If rental prices will come down, does anyone know a spacious 2BR (+storage or maids room) for 160k or lower in a good neighbourhood (like Dubai Marina, Old Town, etc..). I am already here, but looking around for a more quiet place, thanks, DB


----------



## Dubai Wanderer (Oct 18, 2008)

DesertStranded said:


> Hey Maz, does your flatmate have any rentals available on a monthly basis? With banks not giving loans to people looking to pay a years rent up front do you think many RE agents will come to their senses and let people pay monthly?


Wait...wait....wait whats this ...I thought the only way to manage this 'rent up front' was to get a loan from the bank. I have a few friends in AD and they have all taken loans from HSBC to pay for accomodation!! Has the situation changed!!

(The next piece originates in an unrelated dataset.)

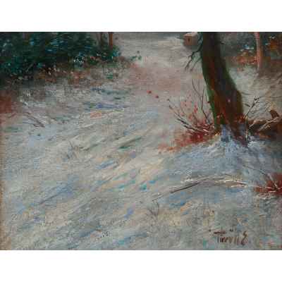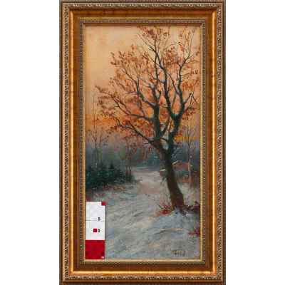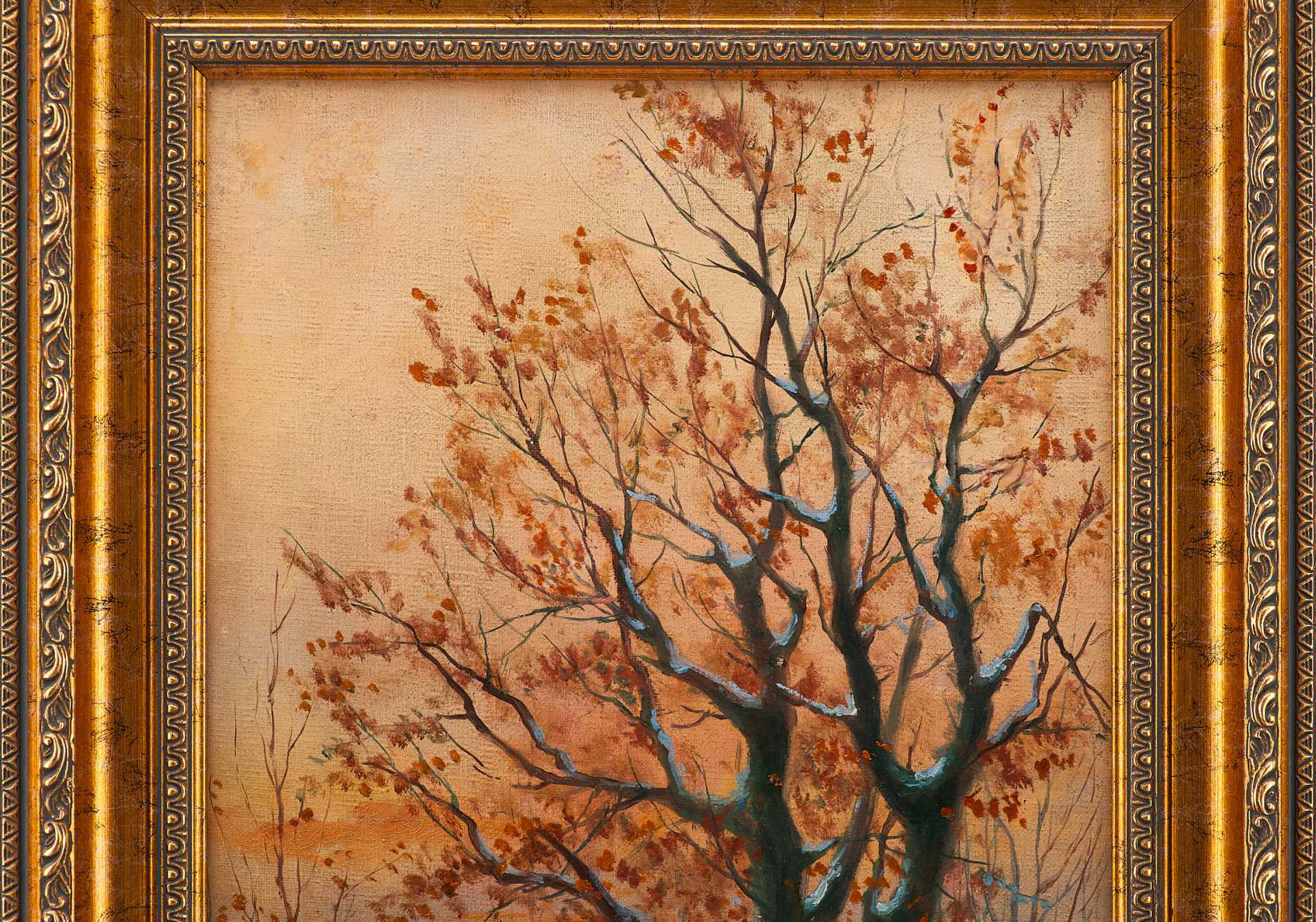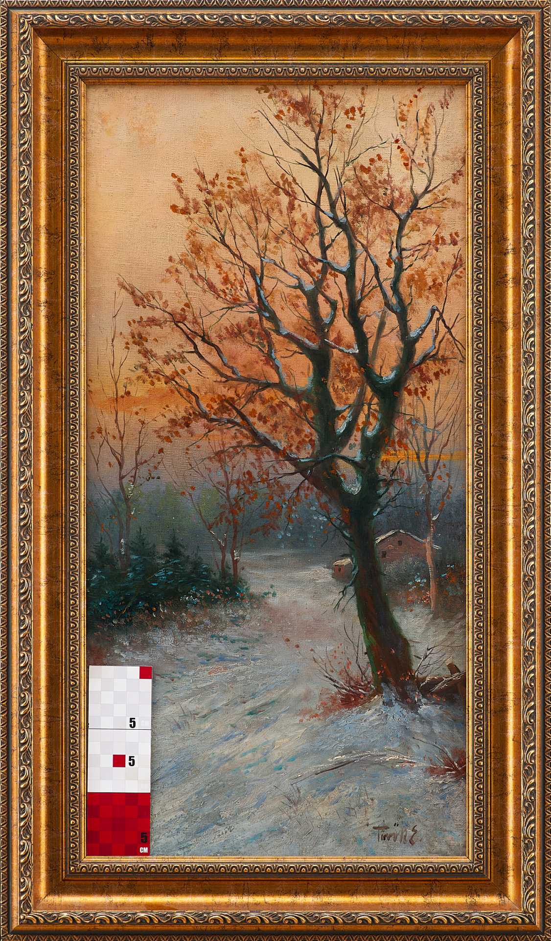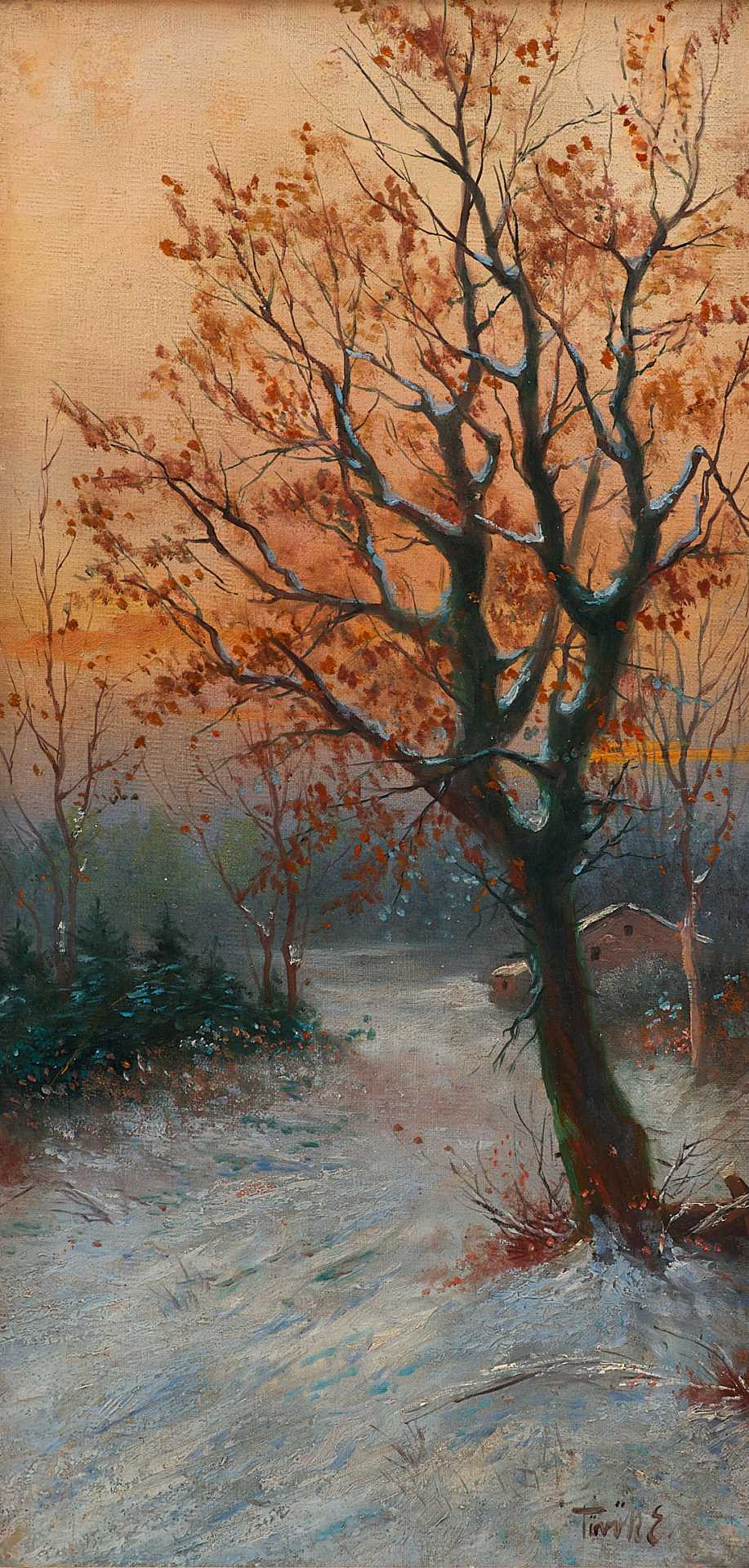 Перед нами живописное произведение под названием «Ноябрь», созданное во второй половине XIX века. На картине изображён осенне-зимний пейзаж: на переднем плане выделяется крупное дерево с остывающей листвой, его тёмный силуэт резко выделяется на фоне охристого неба. Под ним — слегка припорошенная снегом земля. В глубине виднеется узкая дорога, уходящая к небольшим домикам, частично скрытым за деревьями. Мягкие голубовато-серые и буро-красные оттенки усиливают атмосферу поздней осени — момента перехода к зиме.

Bit worried as hubby has headed out there already in shared accomodation...and we hoped to Join him in Jan..as per above our plan was to borrow rent up front...


----------



## DesertStranded (Oct 9, 2008)

Do to the financial crisis I know of people here being turned down for loans to buy cars or pay for accommodation. That makes it tough when RE agents crazily want a year's rent up front.

Right now i'm stuck between a rock and a hard place. I can't afford to pay for a year up front so I had to find a guy willing to rent a studio on a monthly basis. However, after 6 months he increased the rent by 500 dirhams and just 3 months later he's increasing the rent AGAIN another 500 dirhams. Now i'm worried the ****** is going to just keep on increasing the rent every 3 months. Feck geometrics re, they suck.


----------



## sgilli3 (Mar 23, 2008)

Dubai Wanderer said:


> Wait...wait....wait whats this ...I thought the only way to manage this 'rent up front' was to get a loan from the bank. I have a few friends in AD and they have all taken loans from HSBC to pay for accomodation!! Has the situation changed!!
> 
> Bit worried as hubby has headed out there already in shared accomodation...and we hoped to Join him in Jan..as per above our plan was to borrow rent up front...


Is he not getting any housing allowance?
Can he not get an interest free loan from his employer? 
This way the employer pays rent, and payments ( divided over the 12 months), are taken from his wage each month.
Also ask if you can pay with more than 1 cheque ( this may work out a little more expensive, but no harm in asking)

Yes, a lot of banks have stopped giving out substantial loans for rent up front.


----------